Yes, because I had been exposed to this kind of lifestyle as my lifestyle since childhood, well, basically birth.

No, because, how does anyone know how to be a competitive athlete?

For me it was little trickier, I wasn’t just an athlete who would compete.

I was this guy’s daughter too.

William CC Chen, he’s about a regular guy you can imagine, well, at least I thought this, until I started dating… Then I realized just what an incredible quality of a person my father actually is.  For what I understood the standard of a “normal guy” to be, it was a standard actually way above average and perhaps the reason why I prefer to be single.

Dad is quiet, hardworking, unassuming and just very laid back.

His silence can be louder than mom’s quick hand across the face, he’s just that kind of person who makes you feel with every cell in your body and nothing is worse when you have felt that you have disappointed him.

It’s his economy of words and the soul spoken from his eyes that hits you where you are meant to feel it.
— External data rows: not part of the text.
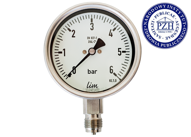 Pressure gauges dedicated to the food industry, where a PZH (food-contact) certificate is required. Thanks to the materials used, the medium temperature can reach up to 200 °C. When a liquid filling is applied, the maximum operating temperature is reduced to 100 °C. The gauges are resistant to contaminants such as dust, vapors, and atmospheric conditions.
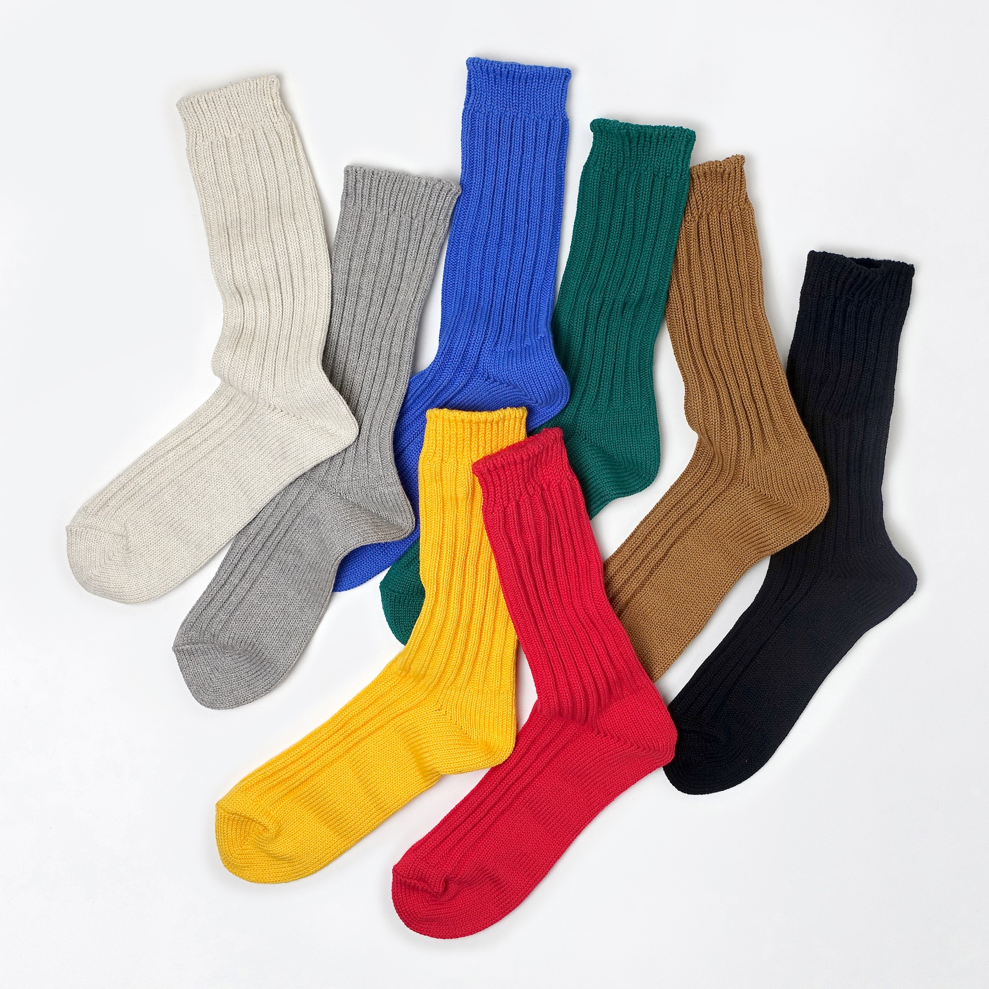 生産には、国内では希少となったローゲージのリブ編み機を使用し、時間をかけてゆっくりと編み立てています。空気を含んだ編み地は、ふっくらとした厚みとほどよい弾力があり、締めつけ感が出にくく、足にやさしくなじみます。
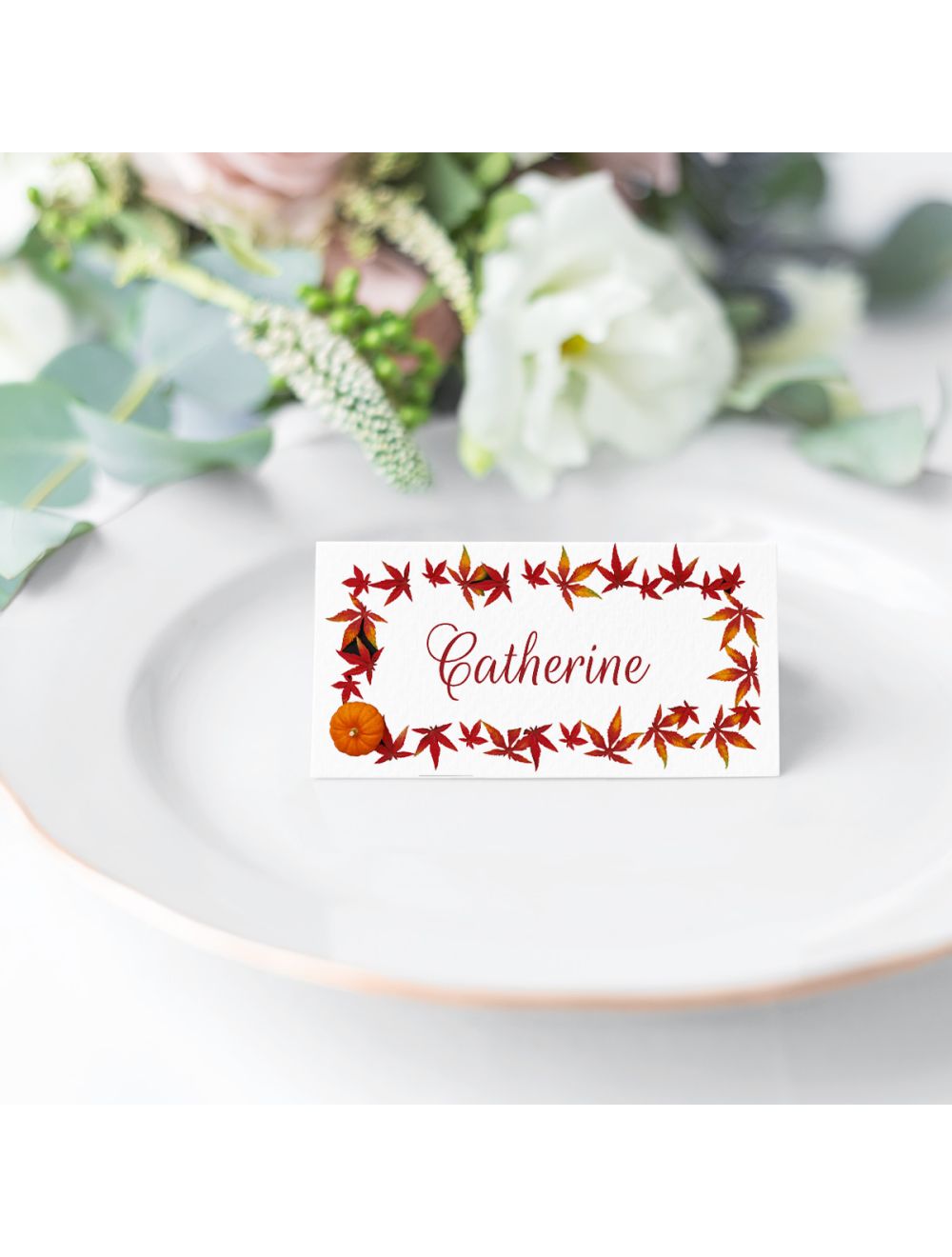 Eine freundliche "Girlande" aus buntem Herbstlaub umrahmt die weißen Tischkarten Geburtstag. Ein Kürbis in der linken, unteren Ecke der Tischkärtchen setzt herbstliche Akzente. Damit eignen sich diese Tischkärtchen nicht nur zum Erntedankfest, sondern auch im Oktober zu Halloween. Sie ist fröhlich und farbenfroh und kommt daher auch als hübsche Dekoration für den Kindergeburtstag bei den Kleinsten gut an. Die Rückseite der herbstlichen Tischkarten ist einfarbig weiß. So passen sie wunderbar auch auf bunte oder gemusterte Tischdecken. Da die Namenskarten sehr lebendig aussehen, sind Schreibschriften oder statische Schriften ohne Serifen eine gute Wahl. Als Schriftfarbe eignen sich die Farben der Blätter oder des Kürbisses. Damit sind Orange und Dunkelrot ebenso attraktiv, wie ein natürliches Grün.
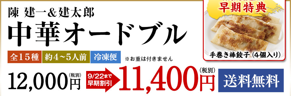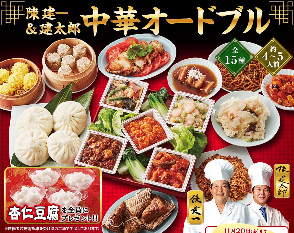 ●陳建一 エビチリソース・陳建一 本格四川麻婆豆腐・陳建一 本格酢豚・陳建一 東坡肉・ 陳建一 油淋鶏(ソース付)・陳建一 海鮮おこげセット・陳建一 錦糸焼売(5個入)・陳建一 本格八宝菜・陳建一 角煮入りちまき(4個入)・陳建一 手包み肉まん(2個入)×2・陳建太 郎 フルーティー酢豚・陳建太郎 四川炒麺・陳建太郎 回鍋肉炒飯・陳建太郎 エビのミルク 炒め・陳建太郎 四川飯店肉焼売(6個入)
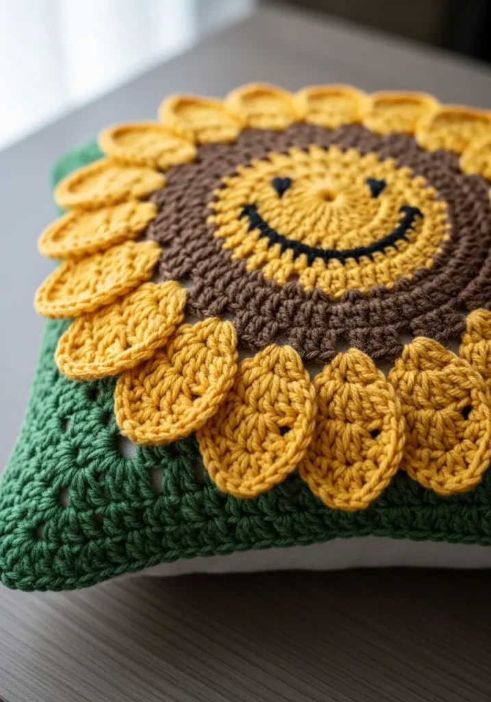 Smiley Sunflower Crochet Pillow

In all honesty, it was always easier to deal with mom’s methods of physical reinforcement.  There’s something in how dad can make you feel that sticks to you like a kind of crazy glue and it’s always better for it to feel “crazy good” than “crazy bad”.

The “crazy bad” lingers like the feeling you would imagine the action very high cholesterol takes on your health as it slowly clogs up your arteries, breaking down your internal system, weighing down your heart, muffling the beats your body fights to perform in order to keep you alive.  Perhaps I may be feeling a little emotional this morning too, but this is really the kind of impact dad really does have.

His “crazy good” was always felt at every single tournament I entered and that made the whole intensity of the events that much more intense.

Already, I was used to the attention dad would draw and I had become accustomed to a certain kind of attention that I got from being his kid.

People would usually ask “Are you William CC Chen’s kid?”.  I had no name and a strange sort of non-identity, identity.  I didn’t mind it, I was used to it.

There was something also comforting about having the blanket of my dad’s identity become mine, but this was also where my competitive life would be unnerving, exciting, confusing, frustrating, fun and monotonous.

When you step into the competitive arena as your father’s daughter you feel the eyes of so many on you looking at you as though you are supposed to pull a rabbit out of your hat.  Sometimes I felt like I was on one of those big stages in Vegas, cause it was that same look I felt I had on every occasion I would get to see Siegfried & Roy, it was magical and who doesn’t love a bit of magic every now and then.

I don’t dislike any of my competitive experiences, they were always incredible.

I really did LOVE all of my training experiences, even thinking back on the pain of certain moments is just another depth of love that I was discovering the feeling of.

What my lifetime career as a competitive athlete taught me was the true value of “Risk”.

Risk and the feeling it creates is only about the Everything that is waiting on the other side of it.

The Risk is the Gain.

But you have to work hard to respect the value of the Risk and understand that every single Risk is going to elevate you to your intended you.